Ecole Normale Superieure
An unsupervised transformer language model for predicting TCR-epitope binding that generalizes to unseen epitopes by learning from incomplete immunological data.
TULIP (Transformer-based Unsupervised Language model for Interacting Peptides and T-cell receptors) is a model for predicting binding between T-cell receptors (TCRs) and their cognate peptide epitopes, developed by Barthelemy Meynard-Piganeau, Christoph Feinauer, Martin Weigt, Aleksandra Walczak, and Thierry Mora at the Laboratoire de Physique de l'Ecole Normale Superieure and Institut de Biologie Paris Seine. Introduced as a preprint in July 2023 and subsequently published in PNAS in 2024, TULIP addresses one of the most practically important and technically challenging problems in immunology: predicting which T-cell receptors will bind a given peptide-MHC complex.
Accurate TCR-epitope binding prediction is central to understanding adaptive immune responses, designing vaccines, and developing T-cell-based therapies including cancer immunotherapy. However, the field has been hampered by two compounding problems. First, training data is scarce relative to the vast diversity of both TCR and epitope sequence space. Second, prior supervised learning approaches require negative examples — pairs of TCRs and epitopes that do not bind — and the way these negatives are sampled introduces systematic biases that inflate apparent accuracy and cause models to fail when evaluated on epitopes not seen during training.
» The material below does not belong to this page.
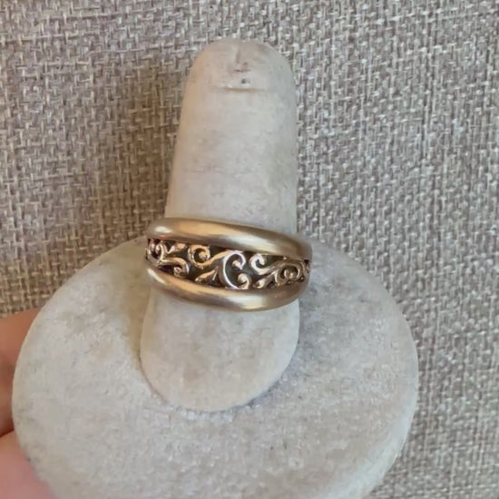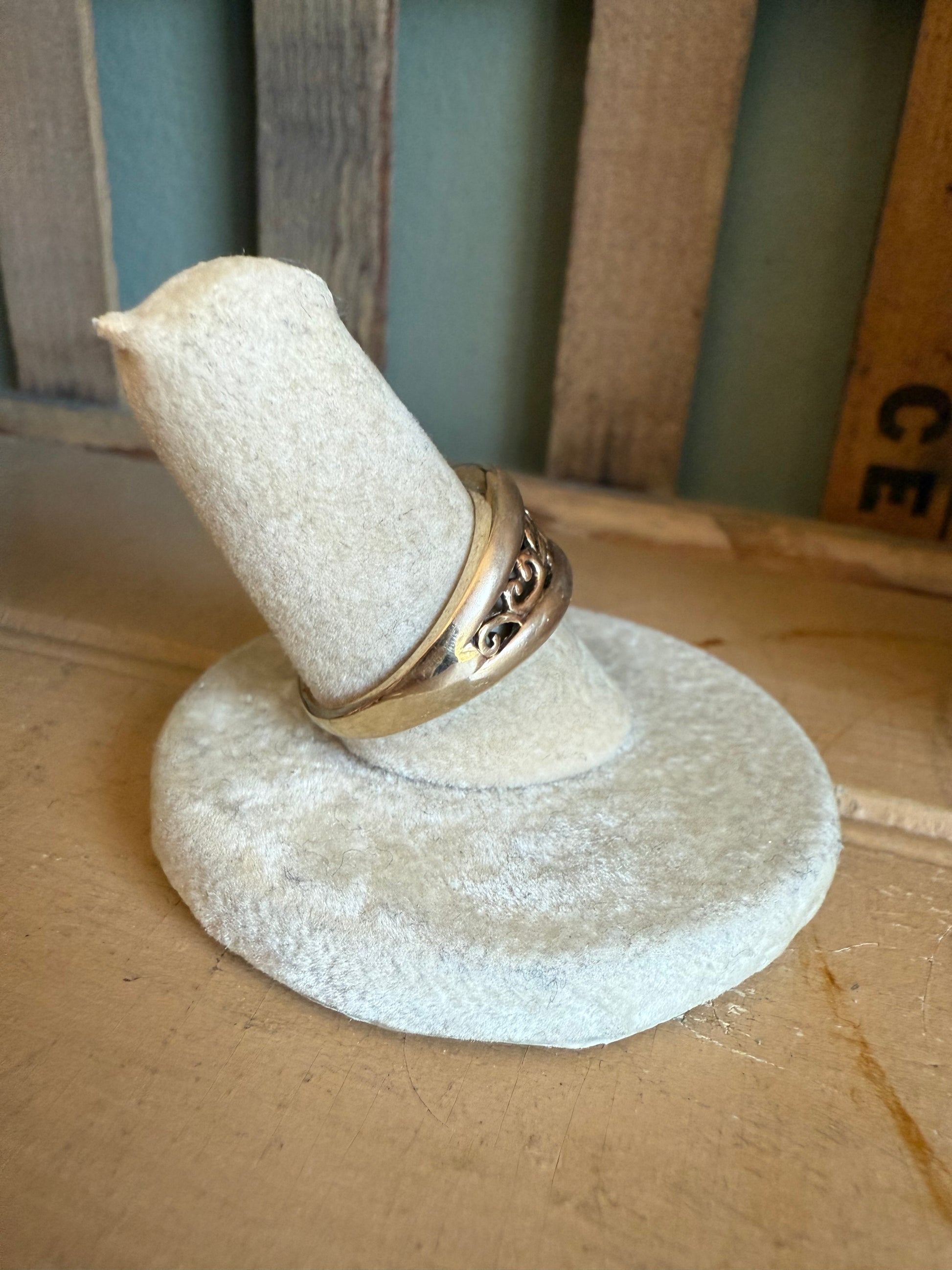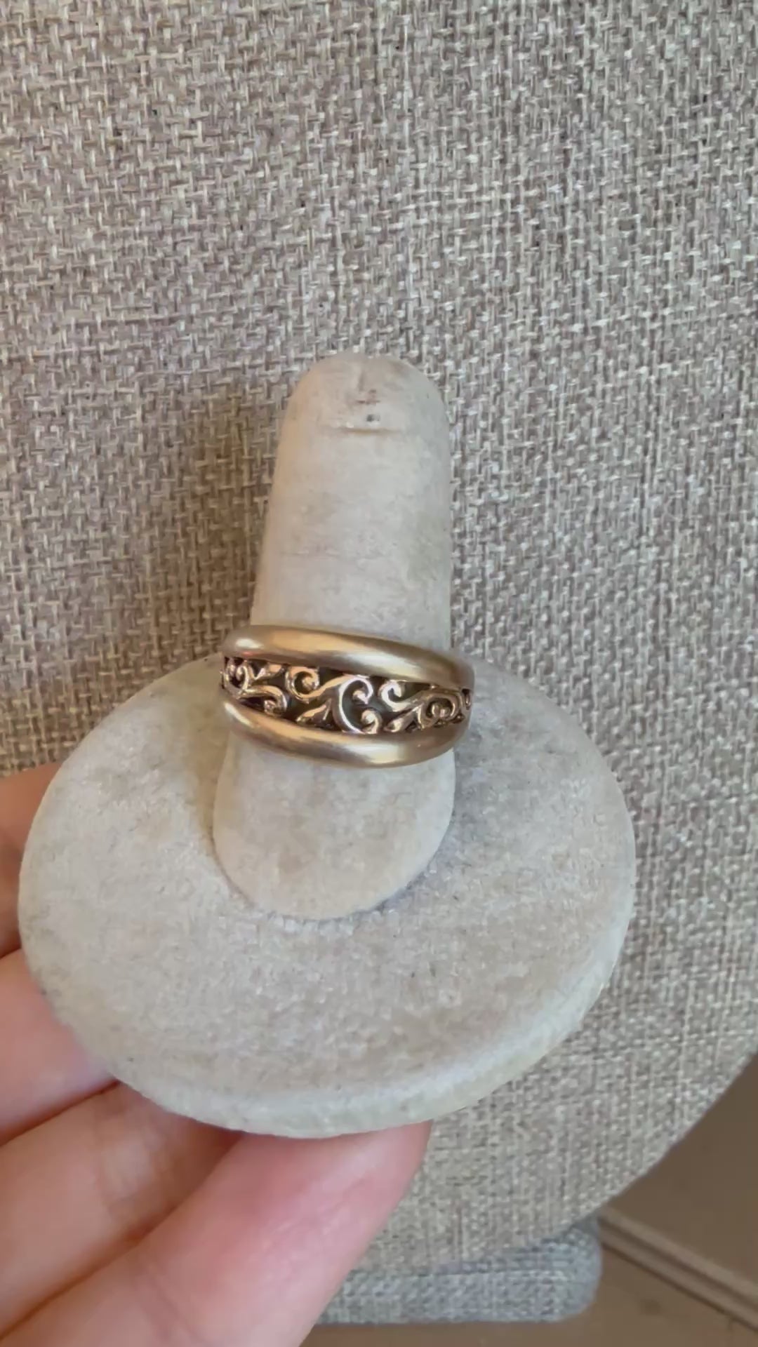 c1990 Stamped 10K (and verified) pierced scrollwork band. The edges have a stain polish. The front is 7/16" wide. The back is 1/8" wide. Currently a size 8 but message up for sizing service cost. 3.6 grams

TULIP circumvents both limitations by adopting an unsupervised language model approach inspired by masked language modeling. Instead of learning a binary binding classifier, TULIP learns a joint probability distribution over TCR and epitope sequences using transformer attention. At inference time, the probability the model assigns to a TCR sequence given an epitope reflects the likelihood of binding, without ever requiring explicit negative examples. This framing is more robust to distribution shift across epitopes and enables the model to generalize to unseen epitopes — a critical requirement for real-world deployment.
TULIP is implemented as a transformer encoder that processes concatenated TCR and epitope sequence tokens. The model is trained on TCR-epitope pairs drawn from immunological databases including VDJdb, using a masked language modeling objective applied jointly to the TCR and epitope sequences. During training, residue positions in both sequences are randomly masked and the model is trained to predict the original amino acids from unmasked context, encouraging the model to learn the statistical dependencies between interacting sequences. Fine-tuning for a specific epitope uses the available positive examples for that epitope, with pretraining on the full positive dataset establishing general TCR-epitope co-occurrence statistics.
In benchmarks comparing TULIP to supervised methods including NetTCR-2.0, ERGO, and ERGO-II, TULIP shows robust performance on held-out epitopes not seen during training — the scenario most relevant to practical deployment. The model demonstrates that unsupervised approaches are less susceptible to the negative sampling bias identified in supervised models, which can artificially inflate AUC metrics when the test set epitopes overlap with training epitopes. The GitHub repository provides code for ranking TCR candidates for a given target epitope via the predict.py interface.
TULIP is applicable wherever researchers need to rank or filter T-cell receptors by their predicted binding affinity to a target peptide-MHC complex. In neoantigen vaccine design, it can prioritize candidate T-cell epitopes from patient tumor mutations by identifying which predicted neoantigen-specific TCRs are likely to be functional. In adoptive cell therapy research, TULIP supports identification of TCRs with desired specificity from large immune repertoire sequencing datasets. In basic immunology, the model's learned joint distribution provides insights into the sequence grammar of TCR-epitope recognition, complementing structural analyses of pMHC-TCR complexes. The model is also applicable to evaluating cross-reactivity risks — predicting whether a therapeutic TCR or CAR-T construct might engage off-target peptides.
TULIP's publication in PNAS established unsupervised language modeling as a viable and principled alternative to supervised TCR-epitope prediction, and provided the field with a concrete demonstration of the negative sampling bias problem in existing benchmarks. The model highlighted that generalization to unseen epitopes — not accuracy on previously observed epitopes — is the appropriate standard for evaluating TCR-epitope predictors in real-world settings. TULIP's approach influenced subsequent work on immunological sequence modeling and spurred broader discussion about evaluation protocols in the TCR-epitope prediction community. A recognized limitation, acknowledged in independent benchmarking studies, is that all current TCR-epitope models including TULIP struggle to substantially exceed random performance in the most stringent unseen-epitope evaluation scenarios, reflecting the fundamental difficulty of the problem and the need for richer structural and biophysical training signals.